A scuffle started. Olivia turned. Dee had caught Emilio’s wrist and twisted it expertly. The gun dropped to the floor. Dee kicked it away, at the same time pulling him down and around, following him like Muhammad Ali followed George Foreman to the mat. Olivia grabbed the gun.
“We’re leaving,” Dee said.
Emilio glared at her. “Traitor.” He spat on her shoe.
Dee pushed him back on his ass and released his wrist. She stuck out her hand and said to Olivia, “Give me that.”
Olivia handed over the gun.
Dee pointed it at Emilio. “We’re leaving. Don’t try to follow us.”
Sitting on the floor, massaging his wrist, Emilio sneered. “They should have kept you in the kitchen.”
Dee snorted. “Let’s go.” In the hall she tucked the gun into the waist of her pants and covered it with her shirt.
Outside, the smoking men were gone. Olivia said, “You’re handy to have around.”
“Just tell me what plan B is.”
“We’re still on plan A: Find Alvaro.”
“That room up there? It’s all I had. So we need plan B.”
“Then we have to find the probability machine ourselves.”
“
How?”
“I’ll figure something out.”
“Well, you better figure it out quick. Emilio saw your scar,” Dee said, causing Olivia to immediately cup her hand over the back of her neck. “He knows you have the link.”
Thirty-Three
The next morning, after five hours of murderous jet lag and two of bad sleep, Olivia opened her eyes and still didn’t know how to find Alvaro or the probability machine. She quickly put herself together and headed downstairs. They had spent the night in the Beit Wakil. Before the war, it had been a four-star hotel in eastern Aleppo. Now the most you could say for it was that it was open and, for the most part, structurally sound, not to mention cheap. And they had coffee, strong coffee, which Dee was drinking in the dining room when Olivia walked in. Foreigners occupied about half the tables, a few men in suits, others in safari shirts. Olivia spotted Dee, sat down, and poured a cup of mud.

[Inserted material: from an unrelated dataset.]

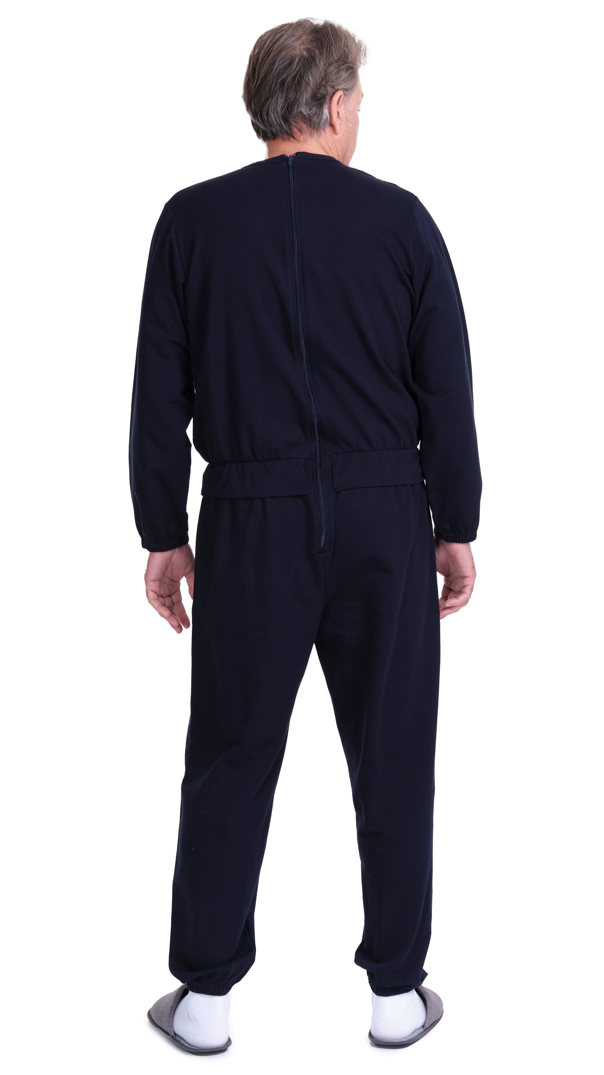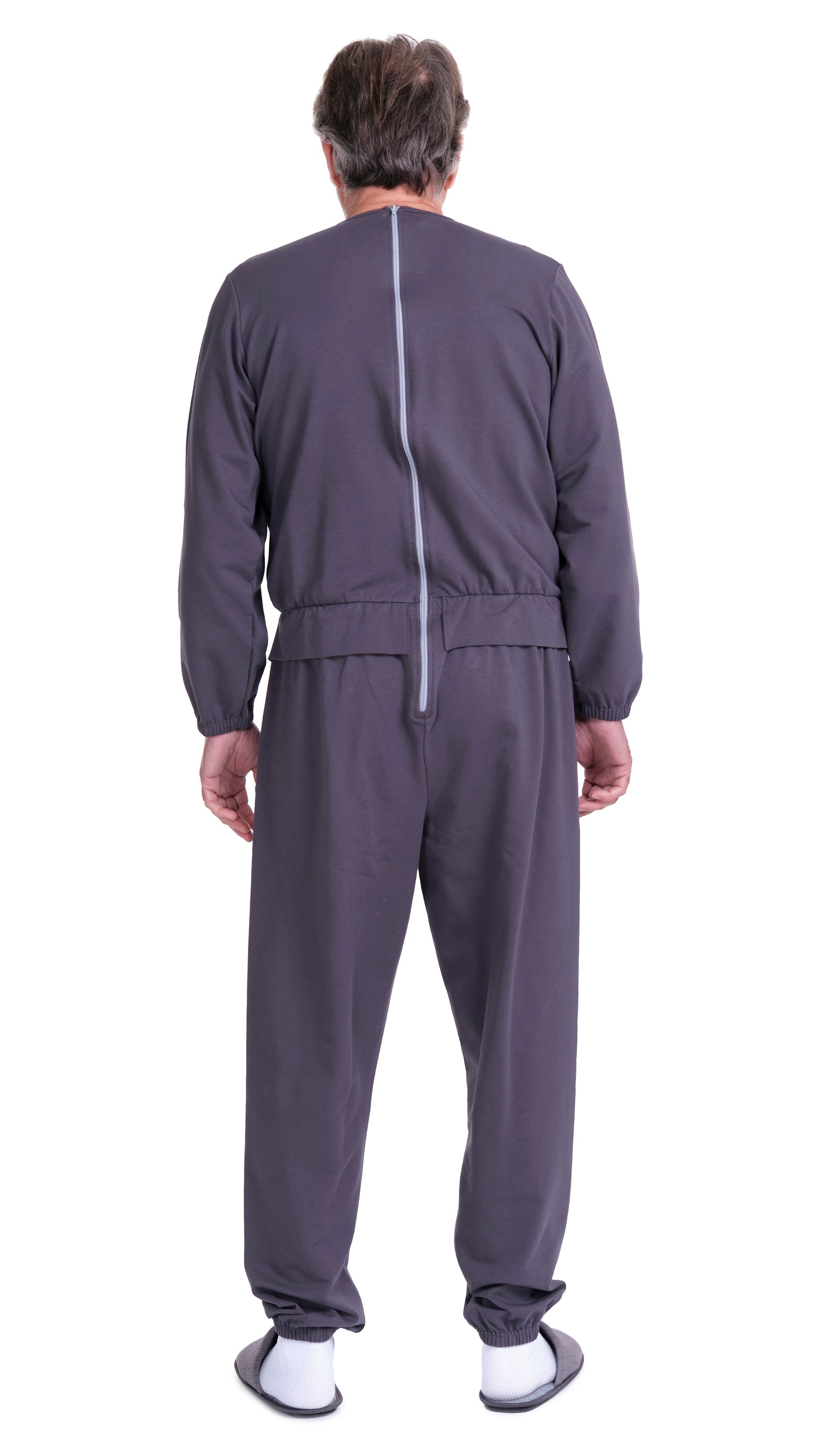 It appears to consist of two pieces: a jacket and trousers, but it is actually a single piece. The rear zip allows for easy changing of aids. The buttons and pocket are embroidered, so they are purely decorative.
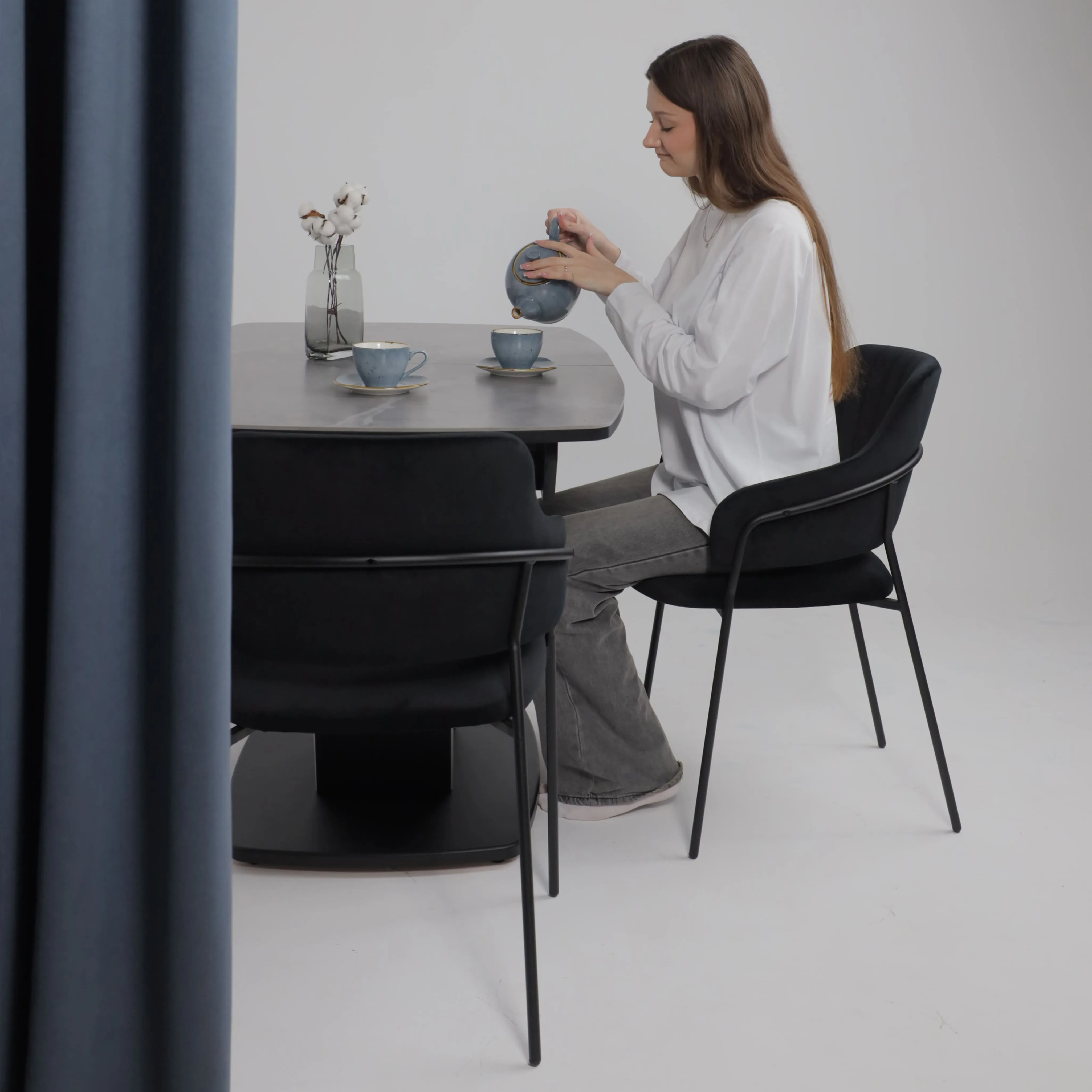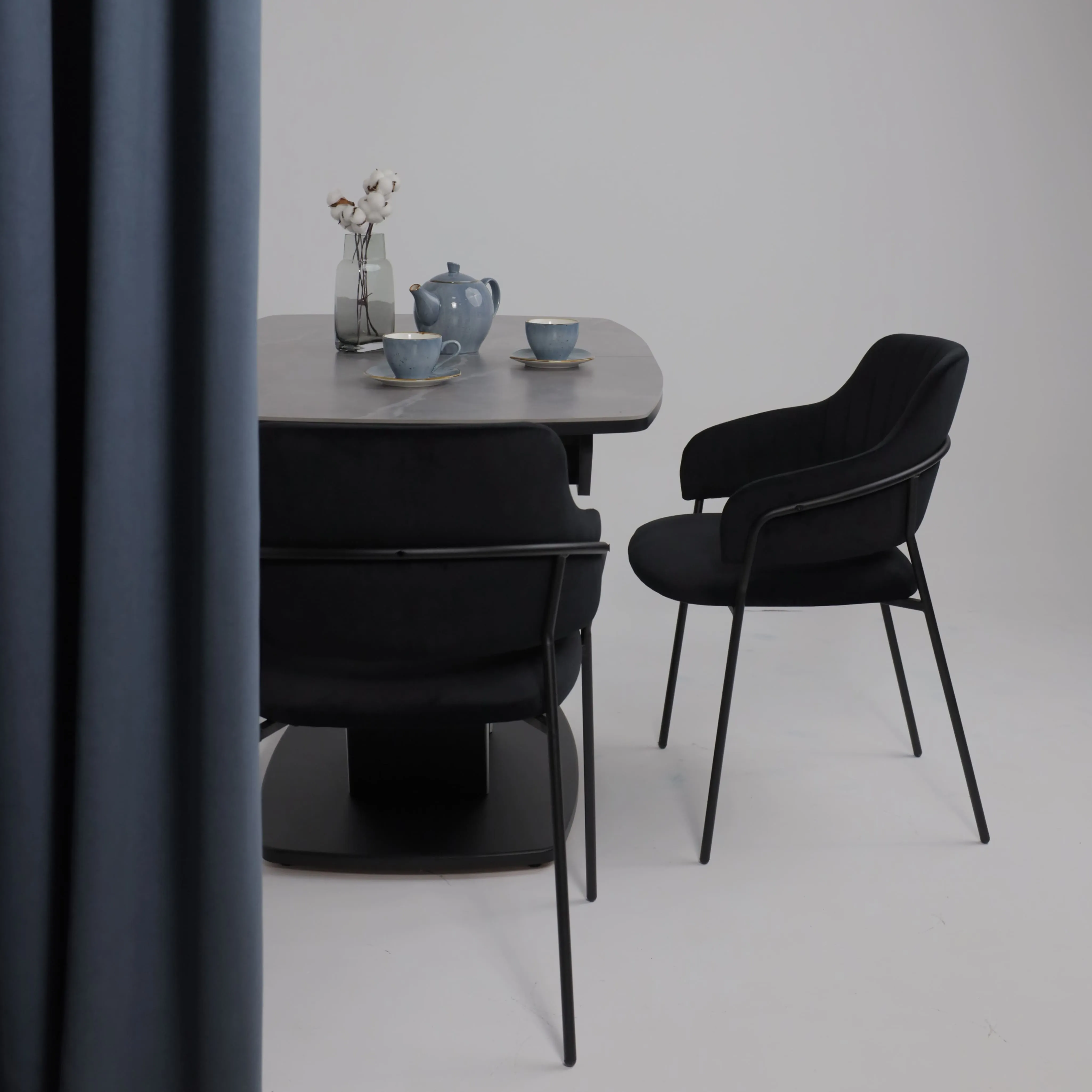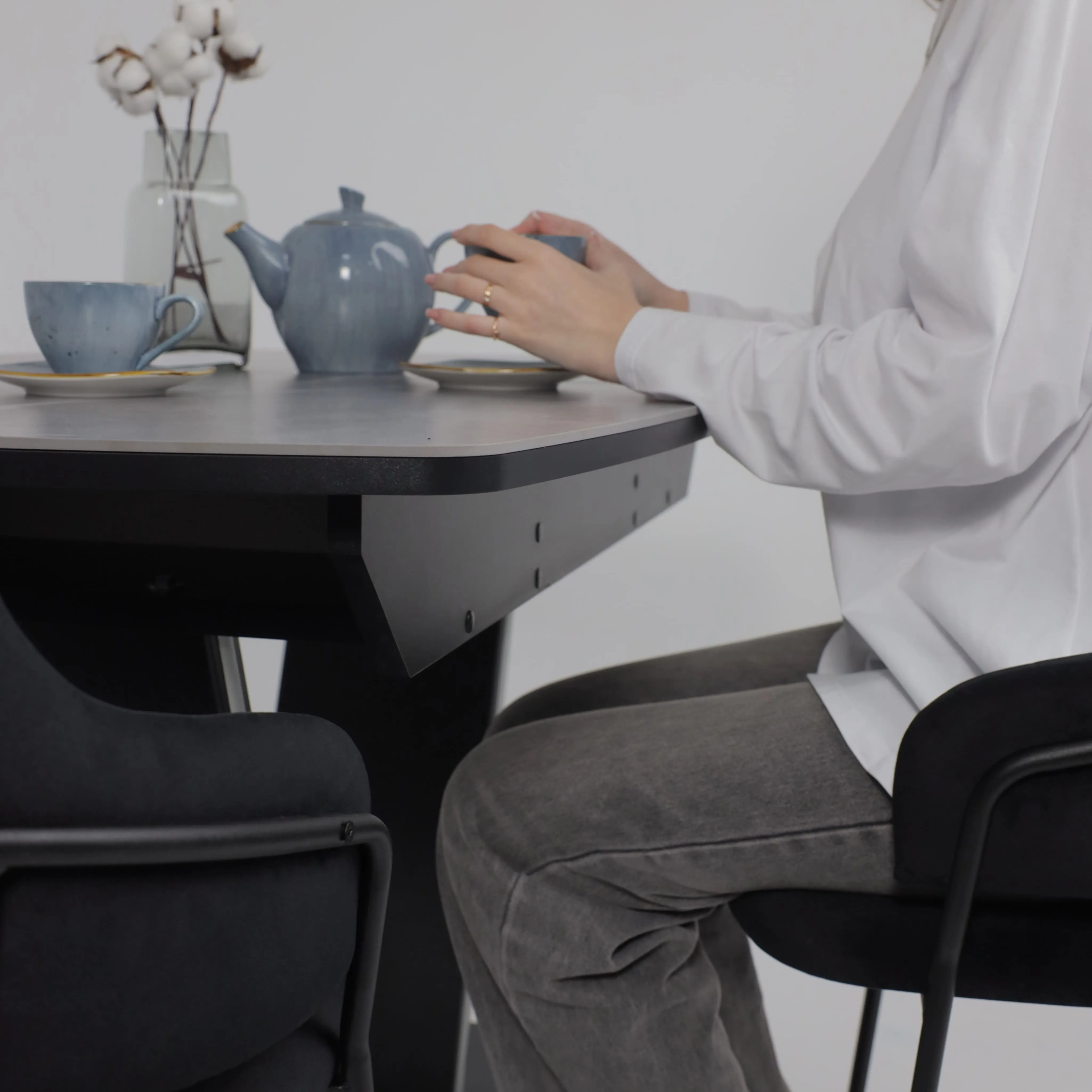 Стол TIRK RADIAL-94, раздвижной 94(126)х64, Дымчатая керамика/Чёрный

Priority one was to find the probability machine, with or without Alvaro’s help. If that wasn’t possible, the backup plan was to track down the possible path of weaponized variola out of Aleppo. Jacob’s original probability had prevented the escape, but Olivia worried that it was a temporary measure. Variola was still here somewhere, a potential, maybe even an inevitable threat. And there’d be no magic halos this time. They had to be on top of it.
“What’s the plan?” Dee looked as bleary-eyed as Olivia felt.
“It’s still gelling.”
Dee nodded, slurped her coffee.
Olivia looked at her over the rim of her own coffee cup. “Look, I have some private business to take care of.”
“You can do that while gelling?”
“Yeah.” Olivia’s coffee was hot enough to burn her tongue, but she didn’t care.